Как показано в представленных в сборнике статьях, в целом представление о подлинности на Востоке сильно отличается от европейского. При том, что понятие о злонамеренной подделке одинаково и в Европе, и на Востоке, заметно разнятся представления об имитации и копии.
Особый случай узаконенных и вполне респектабельных «подделок» рассматривается в статье Н. В. Лаврентьевой «„Лунный“ мир египетских слепков. Собрание слепков Древнего Востока ГМИИ имени А. С. Пушкина: специфика коллекции». Она посвящена истории создании коллекции египетских слепков ГМИИ им. А. С. Пушкина.
Собственно подделкам посвящена статья Е. И. Кононенко «Подлинники, имитации, подделки на ближневосточном антикварном рынке». Она представляет не только теоретический, но и большой практический интерес, поскольку после ее прочтения даже у самого наивного туриста отпадет охота покупать в странах Ближнего и Среднего Востока «подлинные» древние печати. Ценность статьи Е. И. Кононенко состоит в том, что он дает рекомендации, как вести себя в восточной антикварной лавке, развенчивая при этом многие сложившиеся стереотипы: «торговец — во-первых, не такой уж дикий, во-вторых, как правило, имеющий опыт общения со многими сотнями покупателей, и, в-третьих, вряд ли способный пренебречь своей выгодой»; «шанс случайно наткнуться на задворках базаров Анталии, Хургады или Хаммамета на дешевую распродажу до того дня бережно хранившихся в сундуках семейных реликвий вряд ли выше, чем в любом европейском городе»; «подлинные шедевры окажутся именно на „цивилизованном рынке“, и скорее всего — опять-таки европейском, минуя восточный базар». Описывает он и те признаки, по которым можно распознать подделку: «подавляющее большинство предлагаемых памятников глиптики, претендующих на то, чтобы, вопреки ожиданиям, быть действительно древними, оказываются очень плохой сохранности — вырезанное на печати изображение в таких случаях сильно стерто, чаще же практически не читаемо»; «берясь за воспроизведение одной из наиболее распространенных сюжетно-композиционных схем древневосточного искусства — предстояния младших божеств перед сидящим старшим или слуг перед правителем, — современные художники чаще всего изображают сидящую на троне фигуру царя как европейского монарха, наделяя его стереотипными „опереточными” атрибутами, характерными для книжной иллюстрации».

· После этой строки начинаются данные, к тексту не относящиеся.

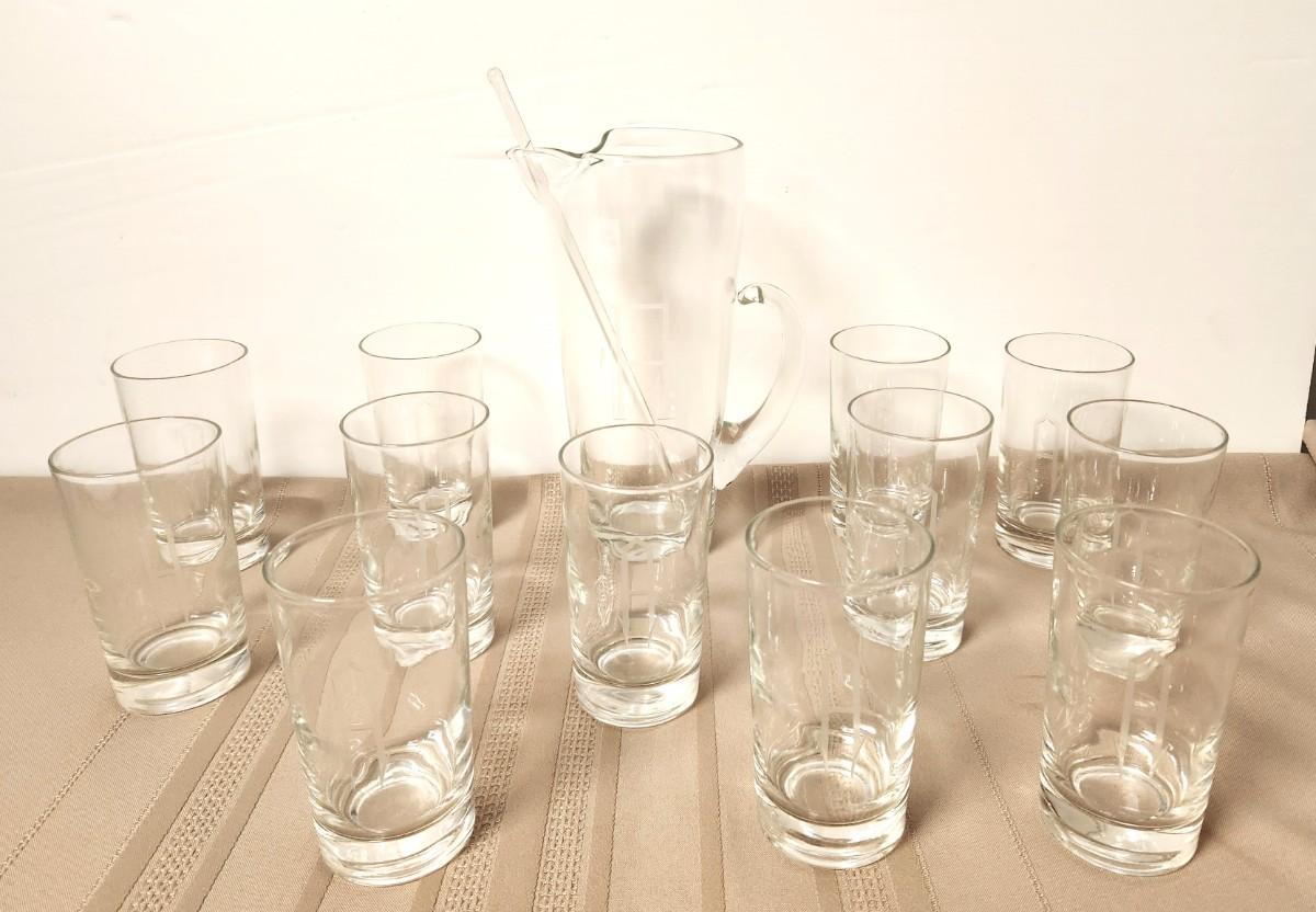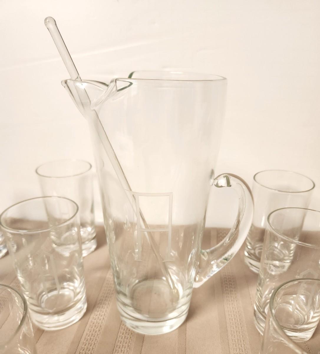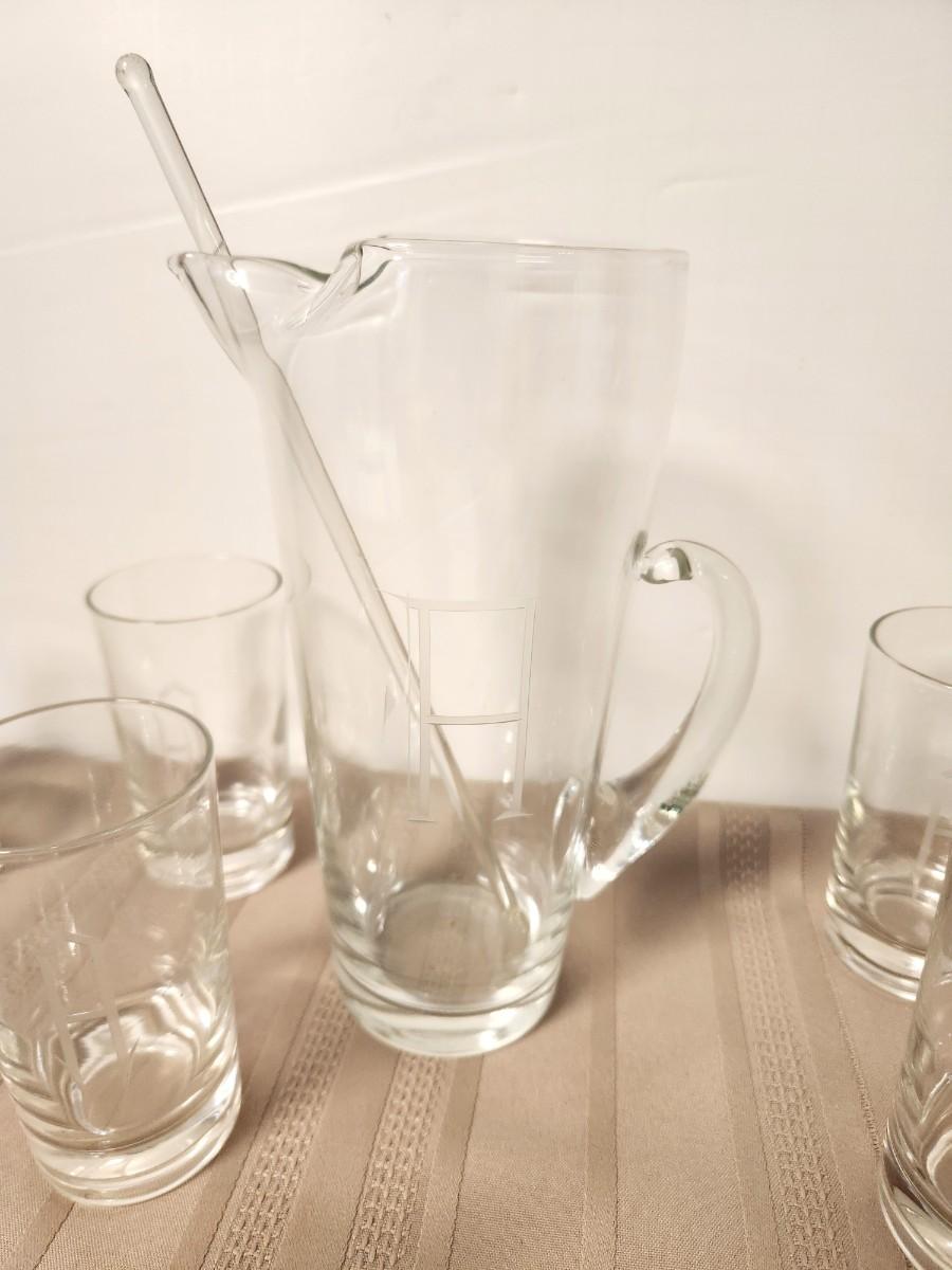 Set of 12 glasses with Cocktail pitcher/stirrer - all etched with initial "A". Pitcher is 8.5" tall, glasses are 4.5" tall. All in good condition.

Тут все ясно — подделка есть подделка, и остается только радоваться тому, что фальсификаторы ошибаются в простейших вещах. Гораздо интереснее другой вопрос: способен ли рынок произведений искусства деформировать традиционные художественные ценности, и, если способен, то в какой степени?
Об этом идет речь в открывающей этот сборник статье Н. Е. Григоровича «„Аэропортное“ искусство. Подделки или копии?», перепечатанной с издания 1986 года, но до сих пор не утратившей своей актуальности. На этот вопрос автор ответил утвердительно, причем ответственность за деградацию африканской художественной культуры он недвусмысленно возлагает именно на европейский рынок произведений традиционного искусства.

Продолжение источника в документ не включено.